11. In regard to the complaint regarding non-allotment of 21,000 shares to the first petitioner, we note that even though the rights issue closed on 25-4-1987, the actual allotment took place only on 15-3-1989, i.e., after nearly a gap of two years. Even though, the contention of the first petitioner is that he had requested the company to allot shares against the credit balance available in the Adikehole Estate Account which also we have found to be substantiated by the statement of accounts (Exhibit P7) at pages 61 and 62 of the petition (CP 84 of 1999), responded denies to have received such a request. Even assuming that the respondents are right in their contention, yet, considering the fact that there was a gap of nearly two years in the allotment of shares, in a family company like this, equity demanded that the Company should have ascertained the willingness of the first petitioner to subscribe to the shares before allotting these shares in favour of the third and fourth respondents. We find from the reply of the respondents that since allotment of shares was made with a view to raise funds for the Company and as such the consideration could not have been adjusted against the credit balance, we also find that a similar request had been conceded in respect of Mr. LR.Coelho. We also note that notwithstanding the stand of the respondents that there had been inordinate delay in challenging this allotment, yet we find that as early as 1993, the petitioner issued a legal notice in respect of these allotments.
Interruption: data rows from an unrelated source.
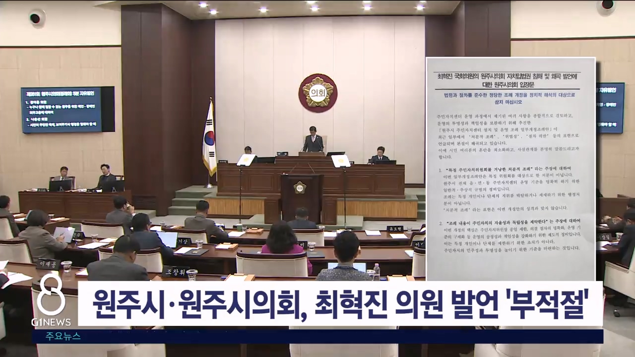 원주시는 최근 입장문을 내고 "관련 발언은 사실과 다른 내용으로 원주시 행정을 왜곡하고 공직 사회의 명예를 훼손한 매우 부적절한 발언"이라고 반박했습니다.
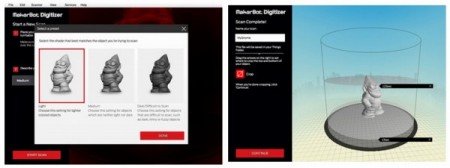 測定対象物は直径203×高さ203mm、重量3kgまでに対応。2個のラインレーザーと130万画素のCMOSセンサーで読み取る仕組みで、約20万ポリゴンの頂点データをシームレスにデジタルメッシュデータとして出力できる。また、測定物をスキャナーの回転テーブルにセットした後は、PCから3D専用ソフト「MakerWare for Digitizer」を起動し“2クリック”するだけと簡単。自動的にわずか12分程度で3Dプリントに必要なスキャンデータを作成できる。
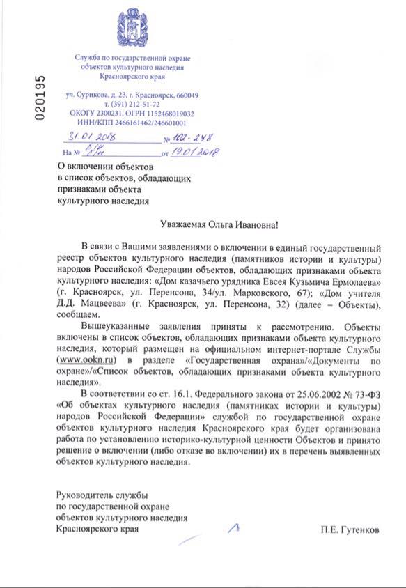– Раз есть документы от службы охраны памятников, получается, что новый владелец земли нарушает закон, начав снос, – говорит Анастасия Тамаровская. – Не знаю, чем объяснить этот его шаг. В Красноярск седьмого февраля Путин приезжает – может, хозяину участка порекомендовали к этой дате территорию "очистить"?
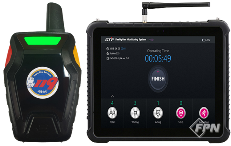 이번에 소개할 제품은 ‘현장대원 안전관리시스템(FTMS)’입니다. 이는 갑작스러운 사고로 위험에 처한 현장 대원을 신속히 구조할 수 있도록 돕는 구조경보 시스템입니다. 태블릿 PC 일체형인 ‘현장지휘 단말기(CD)’와 무선식 인명구조경보기인 ‘현장대원 단말기(PD)’로 구성됩니다.
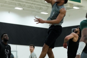 體育資訊2月22日訊 今日雄鹿球星字母哥曬出訓(xùn)練暴扣照。
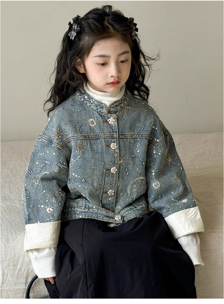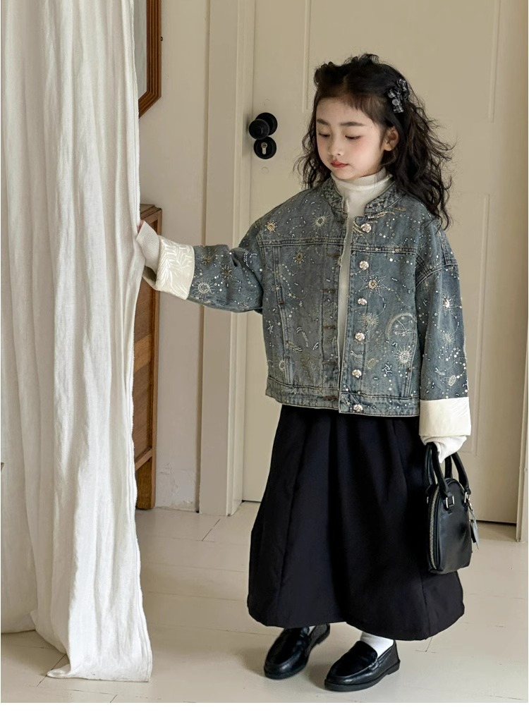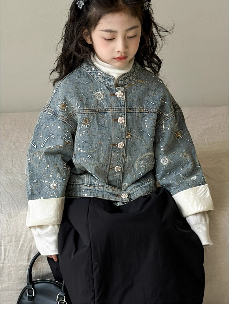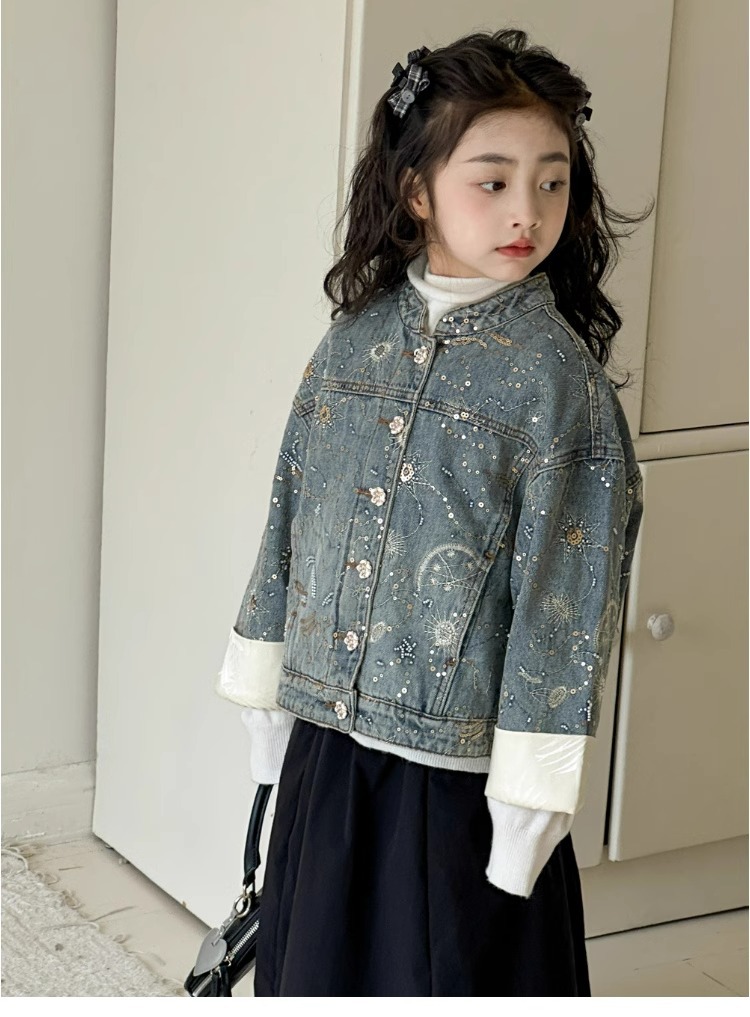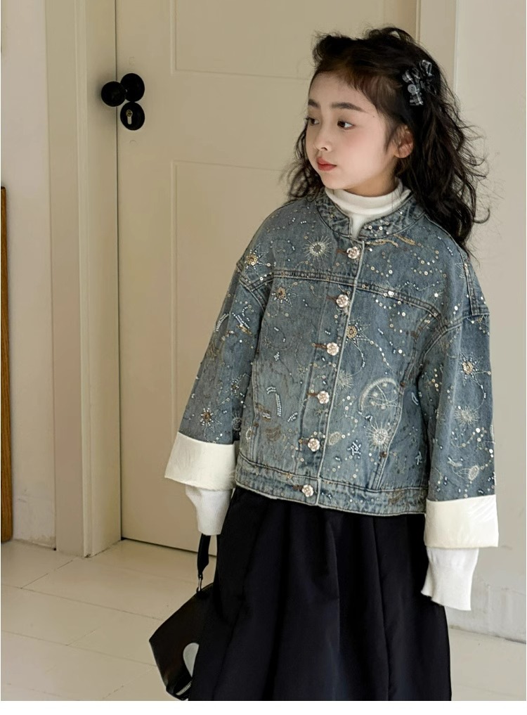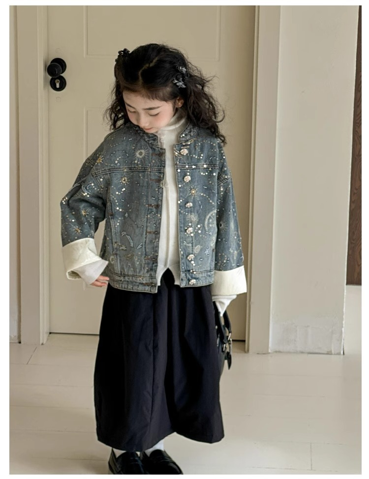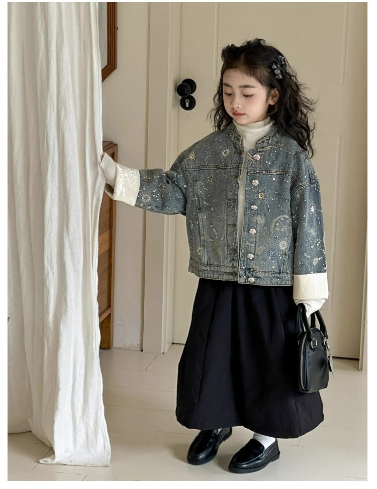 소녀 코트 새로운 중국 스타일 국가 스타일 어린이 코튼 두꺼운 데님 코트 가을 및 겨울 중대형 어린이를위한 새로운 자수 재킷
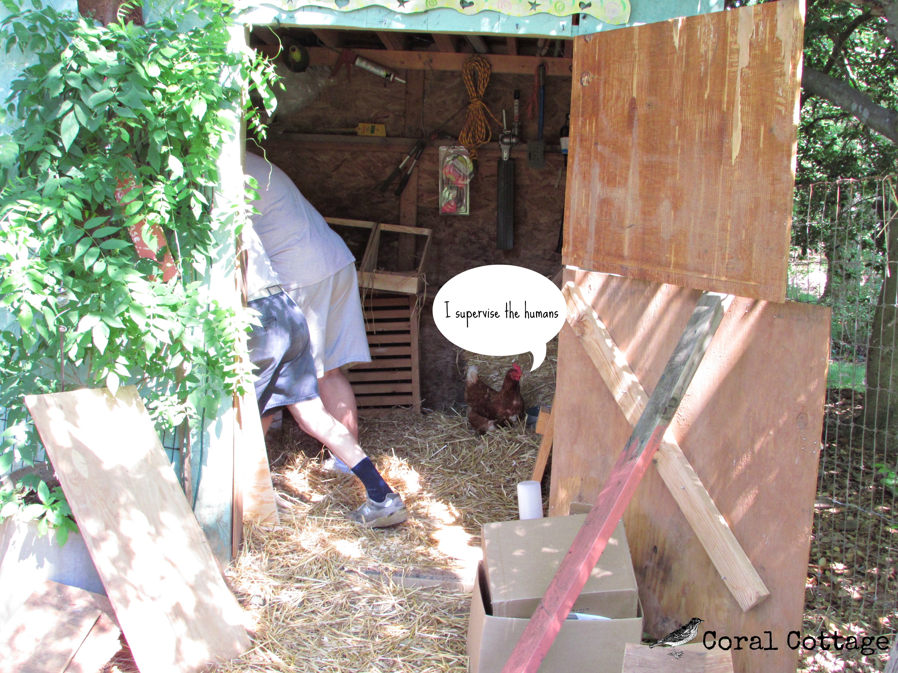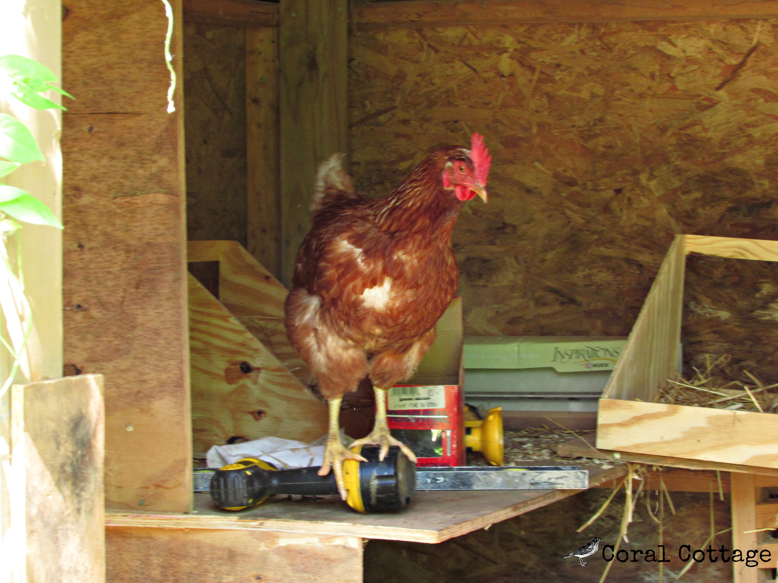 The Cottage men recently worked on rebuilding the inside of the coop making more nesting boxes and perches. The girls refuse to sleep on the perches and go straight to the nesting boxes and since the mean girls won’t share, space is important.
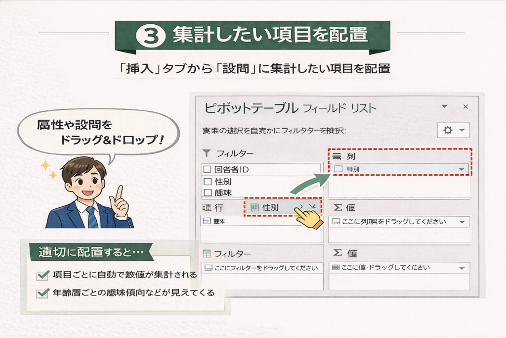 たとえば、行に年代、列に満足度を置くことで、年代別に評価の分布が一目で分かる表が完成します。

Thus the fact is that except the first petitioner all other family members had been allotted shares and that allotting these shares to the third and fourth respondents exclusively, the percentage shareholding of these respondents had gone up substantially. As we have observed in the earlier paragraph, exclusion of only the first petitioner from allotment of shares in a family company, is definitely an act of oppression against the petitioners and as such, we give the option to the first petitioner to apply for these shares (21,000 shares) along with consideration at the same price at which shares were allotted to the third and fourth respondents within a month from the date of order and the company shall get the shares transferred from the third and fourth respondents to the first petitioner within a month thereafter.

12. We also note that the third respondent having subscribed to the right entitlement in respect of 3,250 shares and also to the 21,000 shares, has received adequate compensation by way of dividend and as such she is in no way prejudicially affected.

13. Even though, the hearing of this petition was concluded on 11-10-2000, the issue of this order was deferred in view of the pendency of proceedings in another family company, viz., CP 6-1-1998, order in respect of which has also been issued as of date.

14. With above directions, we dispose of these petitions without any order as to costs.